La permanente, aujourd’hui revisitée, est le fruit d’un long parcours technique, social et symbolique. Inventée au début du XXème siècle par le coiffeur allemand Karl Nessler, elle consistait alors à chauffer des mèches de cheveux enroulées autour de tiges métalliques à l’aide d’un imposant appareil électrique. Le but : fixer durablement des boucles. Longue, risquée et parfois douloureuse, la technique visait à donner du relief aux chevelures raides, dans un monde qui associait déjà les boucles à l’élégance, à la féminité et au statut social.
Dans les années 1930 à 50, la permanente devient un incontournable des salons bourgeois en Europe comme aux États-Unis. Puis elle explose dans les années 70 et 80 : c’est l’époque des statements capillaires, des cheveux volumineux, du pouvoir féministe, des figures de pop et de contre-culture. A travers les décennies, les boucles permanentes deviennent un langage capillaire chargé d’émotion, d’affirmation, parfois de révolte.
Mais surtout, elle traverse les frontières : dans les communautés afrodescendantes, chez les jeunes Japonais ou au sein des générations queer, le choix d’onduler, d’amplifier, de texturiser ses cheveux devient un acte d’appropriation identitaire. On ne choisit pas seulement une coiffure : on choisit ce que l’on veut raconter de soi.

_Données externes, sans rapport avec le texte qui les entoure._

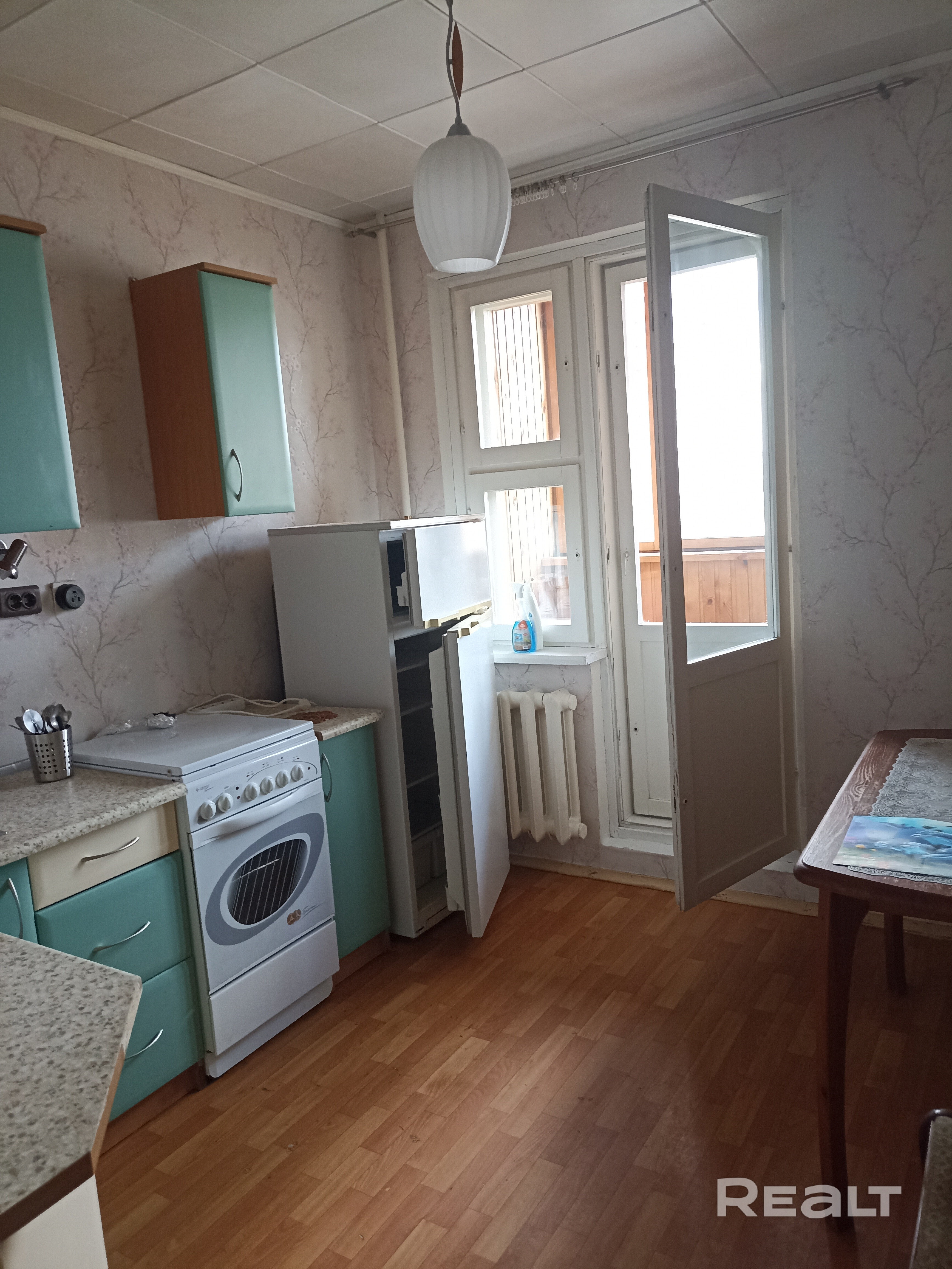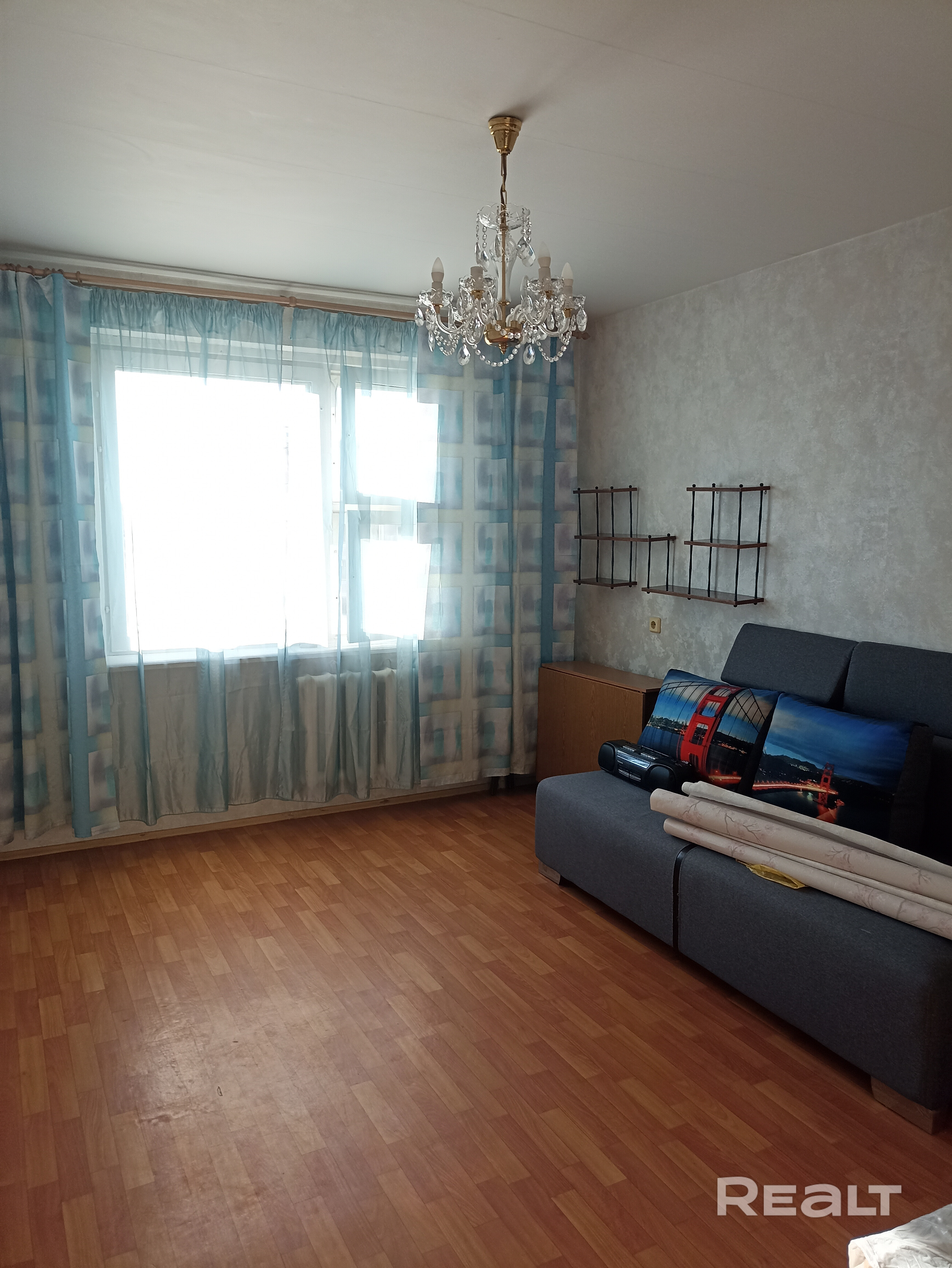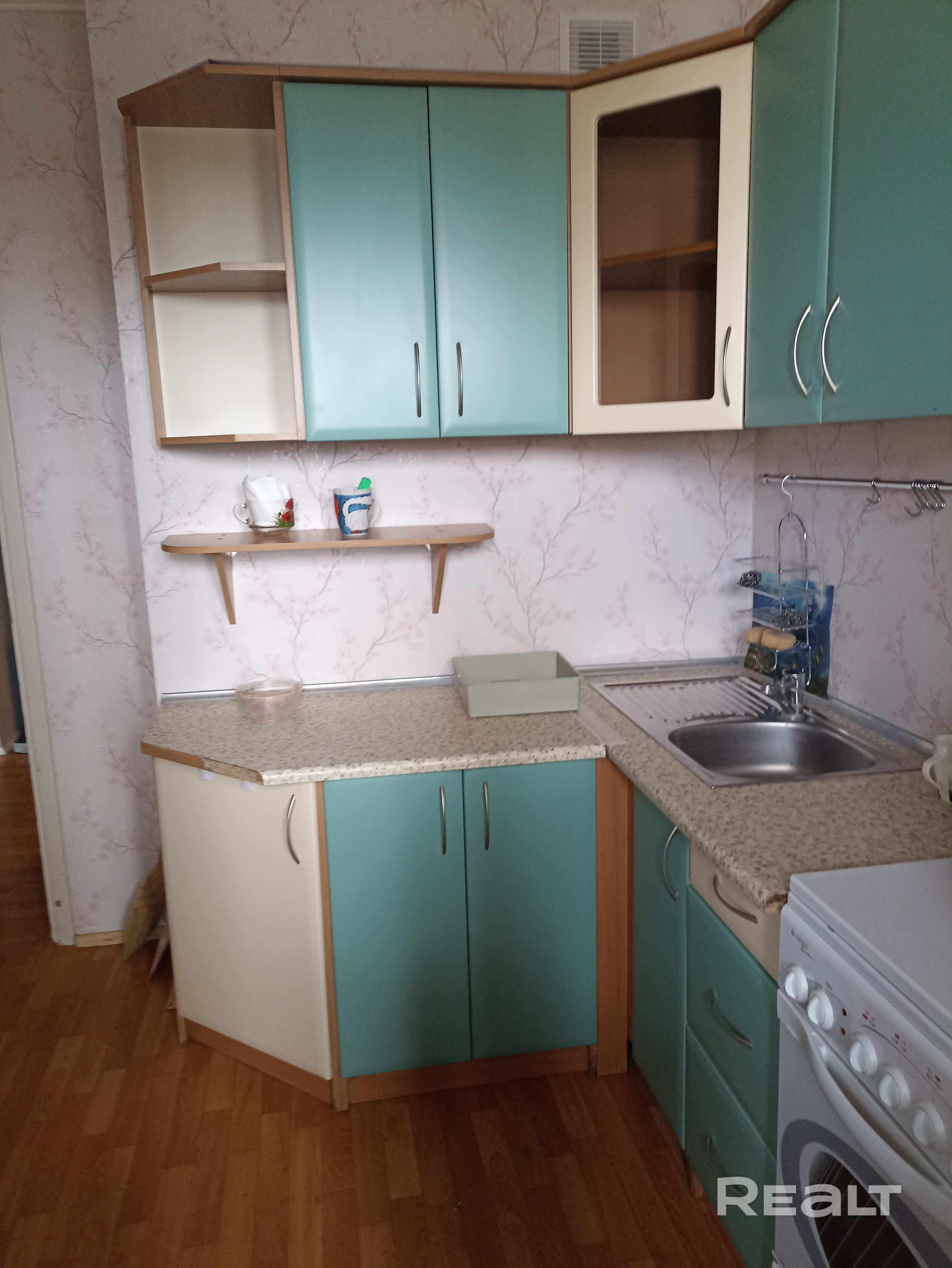 Однокомнатная квартира, мебель частично. Кухня, диван, шкаф купе.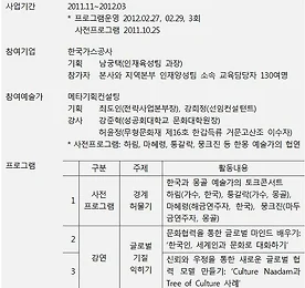 기업 컨설팅 및 실행사업 썸네일형 리스트형 2. 글로벌 역량강화 - 글로벌 노마드 (1) 한국가스공사 Global Normad 글로벌 노마드 Background 한국가스공사(KOGAS)는 글로벌 에너지 기업으로, 중앙 아시아를 중심으로 해외 네트워크 사업 참여를 확대하고 해외사업을 핵심사업으로 선정하는 등 글로벌 기업으로의 변화와 혁신이 요구되고 있었다. 이에 조직원들의 국제협력 업무 역량이 중요시되어 어학 교육을 강화해왔다. 하지만 언어 이외에도 문화협력적 관계를 구축하기 위해서는 유연한 사고와 열린 태도, 즉 ‘글로벌 마인드’를 갖추는 것이 필수적이었다. 글로벌노마드를 기획한 메타기획 컨설팅은 2006년부터 몽골과의 교류사업을 추진해오고 있었으며, 2008년부터 몽골의 국민적 행사인 나담축제 기간에 문화교류 행사인 문화나단축제를 운영해오고 있었다. 이에 한국가스공사, 아르꼼, 메타.. 더보기 이전 1 ··· 27 28 29 30 31 32 33 다음

Aujourd’hui, la permanente moderne permet d’aller à la rencontre de cette histoire. Non plus en l’imitant, mais en l’interprétant. Elle n’est ni caricature, ni nostalgie : elle est un outil de liberté, qui permet à chacun de jouer avec les codes – parfois pour les sublimer, parfois pour les détourner. Et c’est en cela qu’elle dépasse la technique : elle touche à l’intime.